Image of a cell

Severo Ochoa

  • National Medal of Science
  • Biological Sciences

For important contributions to biochemistry and molecular biology, discoveries that contributed greatly to our understanding of the mechanisms for energy generation within a cell, the mechanism whereby proteins are synthesized within a cell and the elucidation of the genetic code.

Severo Ochoa won the Nobel Prize in 1959 for discovering an enzyme that can synthesize RNA, an essential component for protein production in cells. Ochoa’s ground-breaking discovery opened new doors into understanding hereditary genes.

Ochoa, born in Spain, began medical school at the University of Madrid at the young age of 17. He received a medical degree from the university in 1929 but was not interested in practicing medicine. Research was his passion.

Ochoa held researching stints in Germany, Spain and the United Kingdom before moving to the United States in the 1940s.

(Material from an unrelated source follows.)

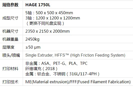 HAGE 175X開源3D打印機設(shè)備參數(shù)表
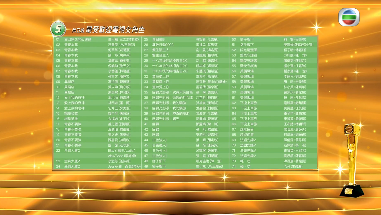視后方面,已離巢的唐詩詠分別憑住《鐵拳英雄》、《回歸光影頌:我的驕傲》、《白色強人II》及《超能使者》入圍,但過去無綫愛頒給親生女,變相陳煒、江美儀、陳曉華及陳瀅獲睇高一線,其中陳曉華共有3劇入圍。

He became a U.S. citizen in 1956. In 1959 he shared the Nobel Prize for physiology or medicine with Arthur Kornberg, who had done similar research in DNA.

RNA and DNA are the substances that bear an organism’s genetic code, and the pioneering work by the scientists greatly expanded the understanding of how those substances are formed.

In the U.S. Severo taught and researched at Washington University in St. Louis and at New York University’s School of Medicine, where he became head of the biochemistry department in 1954.